Mengunduh aplikasi, game, atau film hanya dari situs dan toko resmi seperti App Store, Google Play, Steam, atau situs pengembang terpercaya adalah langkah awal yang sangat penting. File dari situs pihak ketiga, forum, atau tautan tidak dikenal bisa saja mengandung malware berbahaya yang dirancang untuk mencuri data pribadi. Meskipun godaan konten gratis seringkali tinggi, Gen Z harus belajar membedakan mana yang aman dan mana yang berisiko.

Waspadai Promosi yang Terkesan "Too Good To Be True"

Penawaran yang terlalu bagus untuk jadi kenyataan seringkali menjadi umpan favorit para hacker. Contohnya, hadiah skin game eksklusif, saldo e-wallet gratis, atau akses streaming tanpa bayar yang diklaim tersedia melalui tautan tertentu. Gen Z perlu membangun kebiasaan berpikir kritis setiap kali menerima tawaran semacam ini, terutama jika sumbernya tidak jelas atau mengharuskan mereka mengisi data pribadi.

Aktifkan 2FA di Semua Akun

Autentikasi dua faktor (2FA) memberikan perlindungan tambahan yang sangat efektif. Dengan 2FA, akun tidak bisa diakses hanya dengan password saja—hacker juga akan membutuhkan kode verifikasi yang dikirim langsung ke perangkat pengguna. Mengaktifkan 2FA di akun email, media sosial, platform game, dan layanan keuangan dapat secara signifikan mengurangi risiko pembobolan akun pribadi.

Gunakan Kartu Virtual

Saat melakukan pembayaran atau transaksi online, gunakan kartu virtual yang memiliki limit pengeluaran. Kartu jenis ini biasanya tidak terhubung langsung ke rekening utama dan bisa dibatasi sesuai kebutuhan. Jika terjadi kebocoran data, potensi kerugian dapat ditekan seminimal mungkin. Layanan kartu virtual ini saat ini sudah disediakan oleh banyak aplikasi perbankan dan dompet digital yang populer di kalangan Gen Z.

Instal Proteksi Keamanan

Menginstal software keamanan seperti antivirus dan anti-phishing bukan hanya langkah pelengkap, tapi kebutuhan utama. Program semacam ini mampu mendeteksi file berbahaya, memperingatkan saat Anda membuka situs palsu, dan secara otomatis memblokir aktivitas mencurigakan. Dengan perlindungan real-time ini, Gen Z bisa lebih tenang saat menjelajah internet tanpa takut kecolongan.

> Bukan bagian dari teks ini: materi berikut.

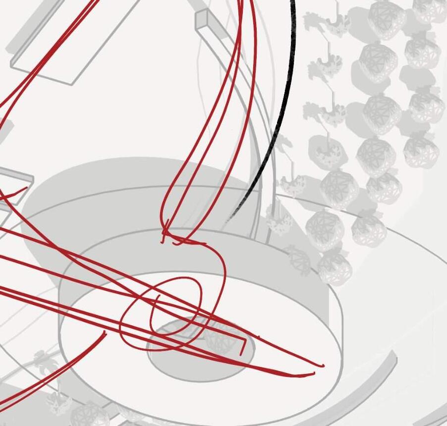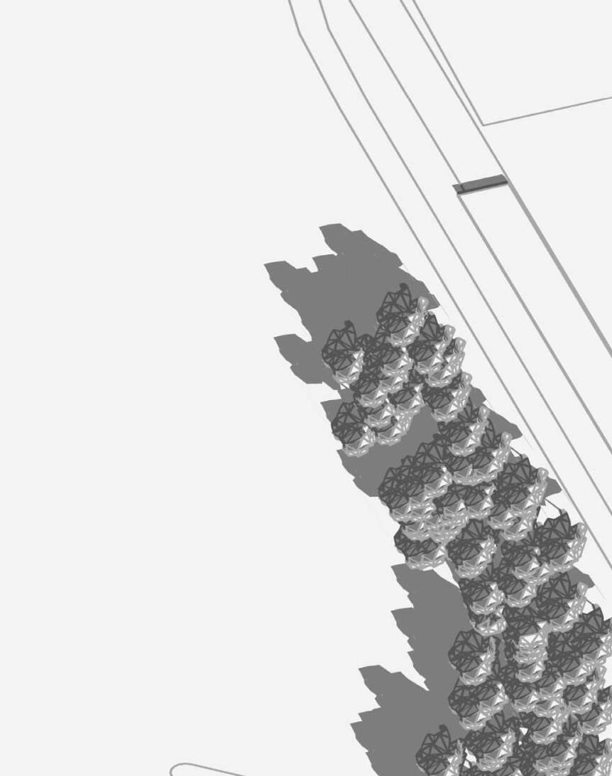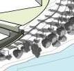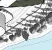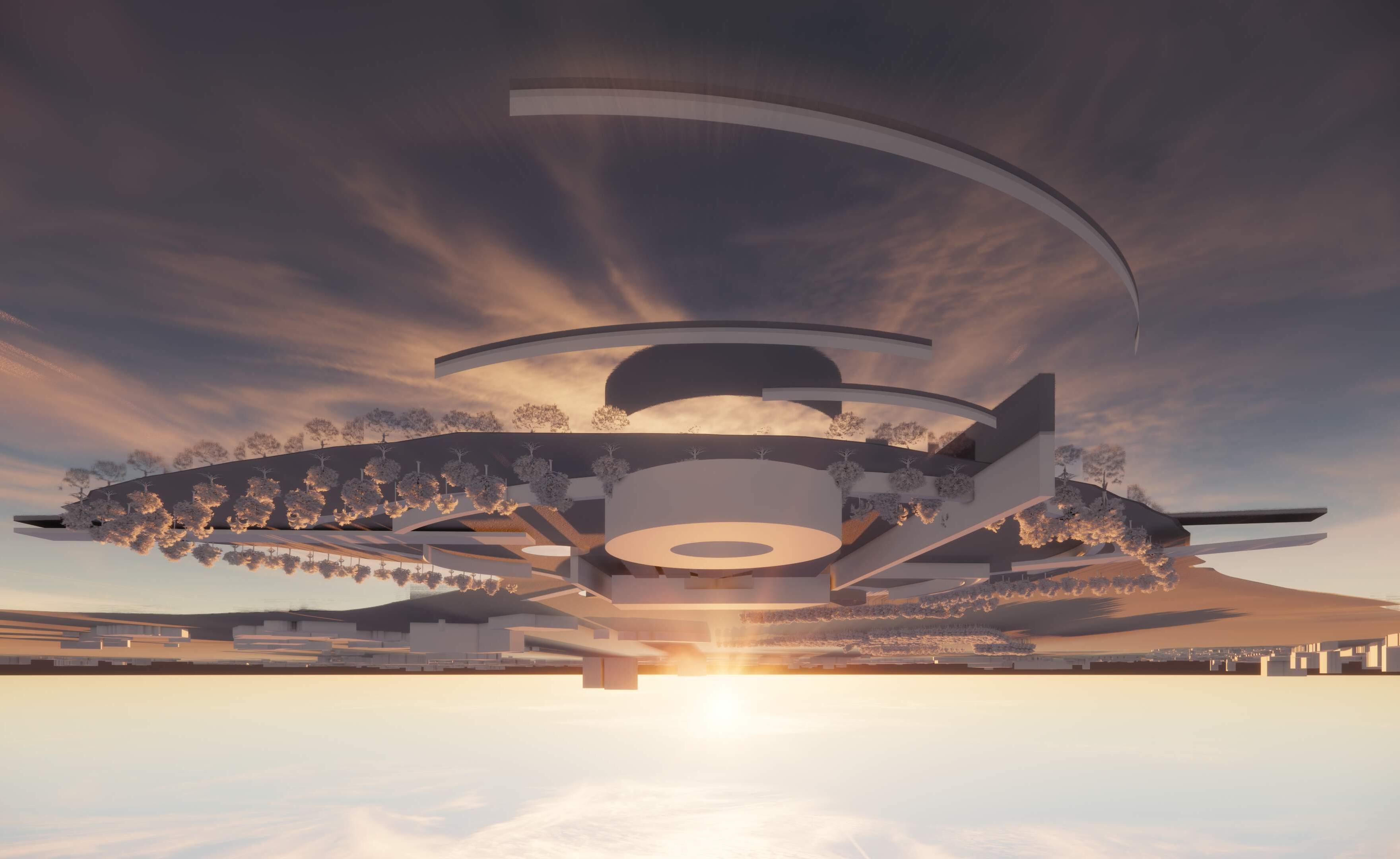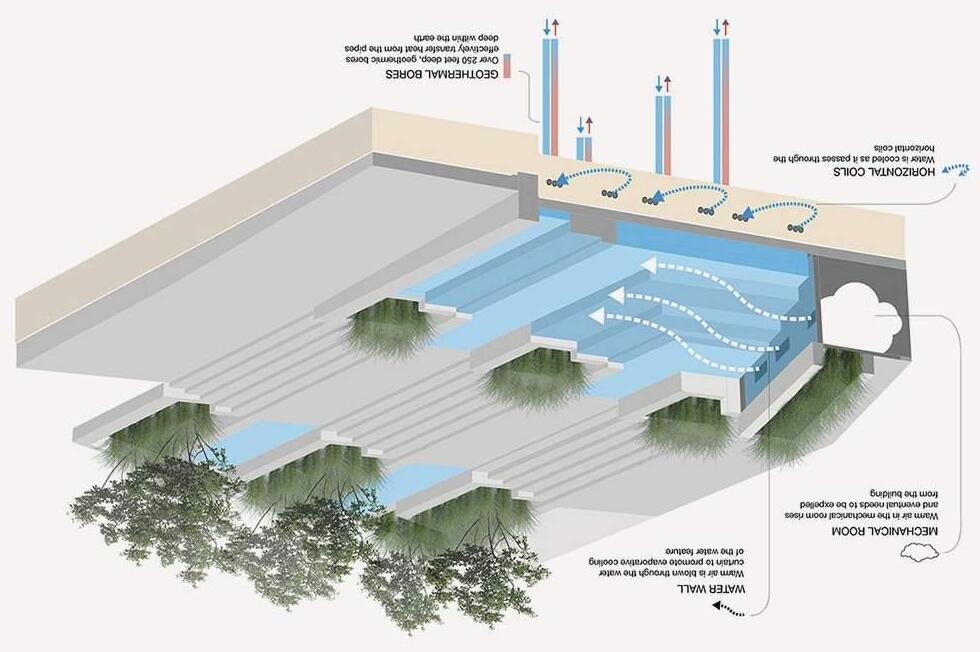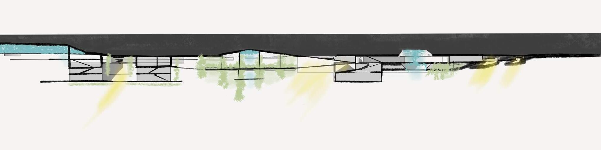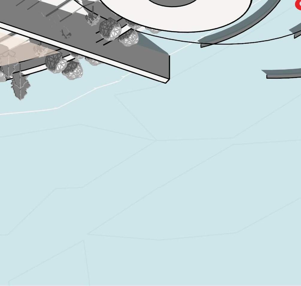 Porous massing that separates programs and create experiential space between at grade and the base. Main programming categories are connected at base. Sea of roofs connect the programming and provide shade for buildings and outdoor space. Center of scheme is an open garden and water feature area between the exhibit, research and out patient therapy. In patient therapy is separated by a continuous path of water and green wall, creating a moat barrier.
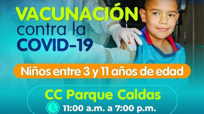 Desde hoy miércoles 3 y hasta el lunes 15 de noviembre, la Secretaría de Salud de Manizales tendrá disponible un punto de vacunación contra la COVID-19 para menores entre los 3 y los 11 años de edad, que estará ubicado en el Centro Comercial Parque Caldas.

Baca juga: Di Balik Film Gratis, Ada Ancaman Malware yang Siap Menyusup

Kesimpulan

Kesadaran akan keamanan siber bukan lagi tanggung jawab eksklusif orang tua, sekolah, atau perusahaan—ini adalah tanggung jawab pribadi, terutama bagi Gen Z yang hidup sepenuhnya di era digital. Di tengah derasnya arus informasi, hiburan, dan interaksi online, Gen Z perlu menjadi garda terdepan dalam menjaga privasi dan identitas digital mereka sendiri. Mulai dari kebiasaan kecil seperti berhati-hati saat mengklik tautan hingga menerapkan langkah keamanan berlapis, setiap tindakan cerdas dapat membuat perbedaan besar. Saatnya Gen Z lebih waspada, lebih peduli, dan lebih #CyberAware.